Gay expands Sydney oversize truck penalties

Operators and customers who allow over-height or over-length vehicles on city roads face greater risk

Gay expands Sydney oversize truck penalties
Gay expands Sydney oversize truck penalities
May 1, 2013

New South Wales is ramping up pressure on local and interstate trucking operators and their customers who allow over-height or over-length vehicles on Sydney roads.

While drivers already face penalties of $2,200 and the loss of six demerit points, Roads Minister Duncan Gay says penalties that affect truck registration and travel rights in the state will soon come into force.

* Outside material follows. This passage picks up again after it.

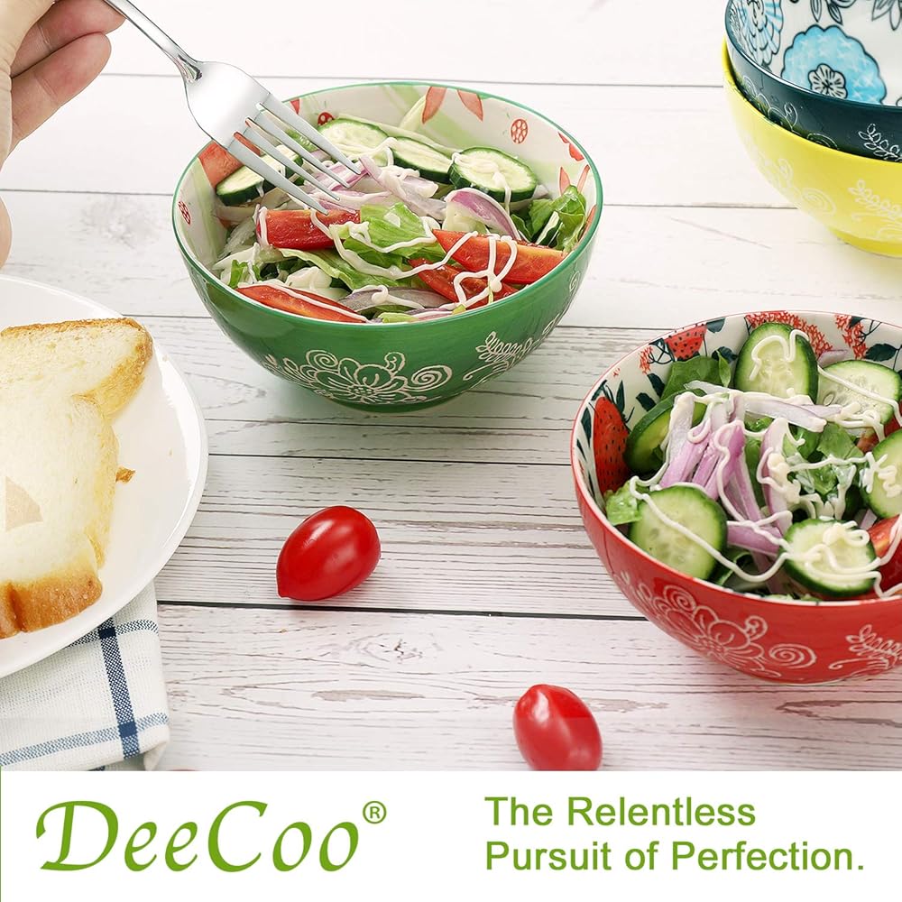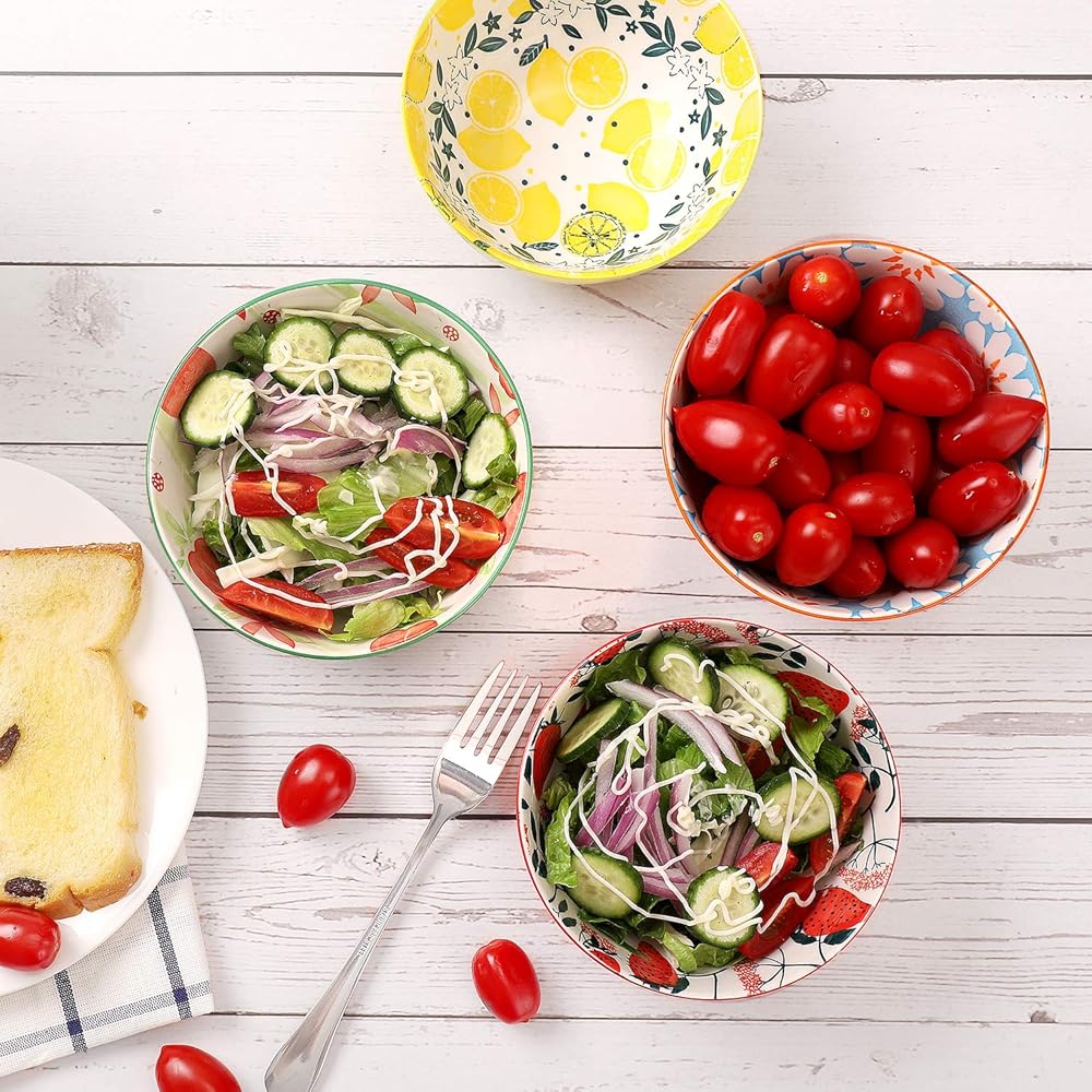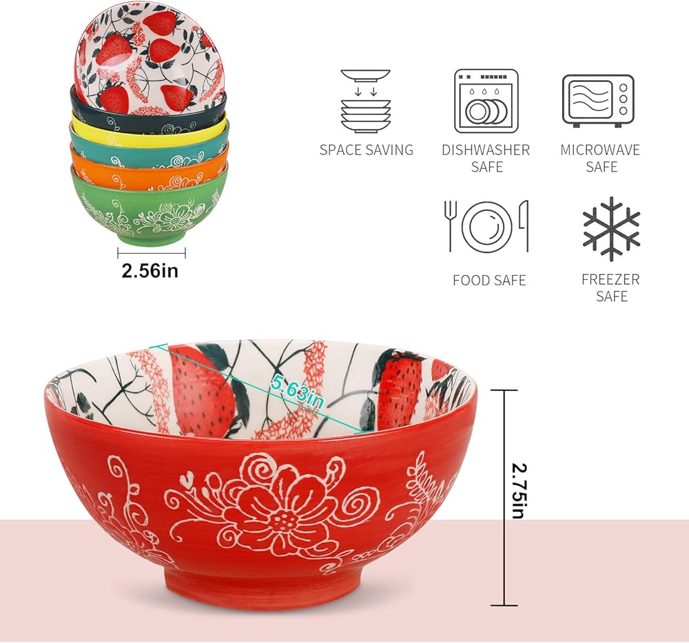 ديكو طقم اوعية بورسلين (18 اونصة، 6 قطع) - للحبوب والشوربة والسلطة والمعكرونة والفواكه والايس كريم - امنة للاستخدام في الميكروويف وغسالة الصحون، تصميمات متنوعة

"I’ve ordered reforms to come into effect by the end of June that would allow RMS to suspend the registration of any heavy vehicle for three months if drivers disobey warning devices and travel onwards into tunnels or Galston Gorge," Gay says.

"Let me be clear, simply passing one of these warning signs which advises drivers they cannot enter a restricted area can trigger these new penalties.

"This would have the same effect of impounding a heavy vehicle without the added burden of dealing with the costs of towing, storage and dealing with any freight or goods being carried."

Gay says authorities will ensure there is clear signage before an over-height or over-length truck enters a restricted area so drivers will be aware the vehicle could lose its registration for three months.

"Interstate vehicles who decide to flout the law in NSW will also find taking a shortcut could cost them dearly," he says.

"Apart from a fine and demerit points they also risk losing their right to travel through NSW until a suspension of up to three months is served."

Gay expects the changes to make it easier to require commercial operators and companies in the chain of responsibility to show they had taken reasonable steps to ensure a vehicle was not driven onto restricted parts of the road network.

"Offending trucking companies risk having to pay the cost of tow trucks, staff and any other resources essential to the removal of a heavy vehicle which becomes stuck," he says.

"We will also be able to seek compensation for damage to infrastructure caused by the breach."

Gay says the approach is about targeting people in the best position to ensure compliance, be they consignors and loaders or company managers.

He says the Roads and Maritime Services will also help GPS providers develop ways to identify the restricted routes to help drivers make the correct decision on the road.

"This is not just a matter of preventing traffic congestion, this is also about improving road safety," he says.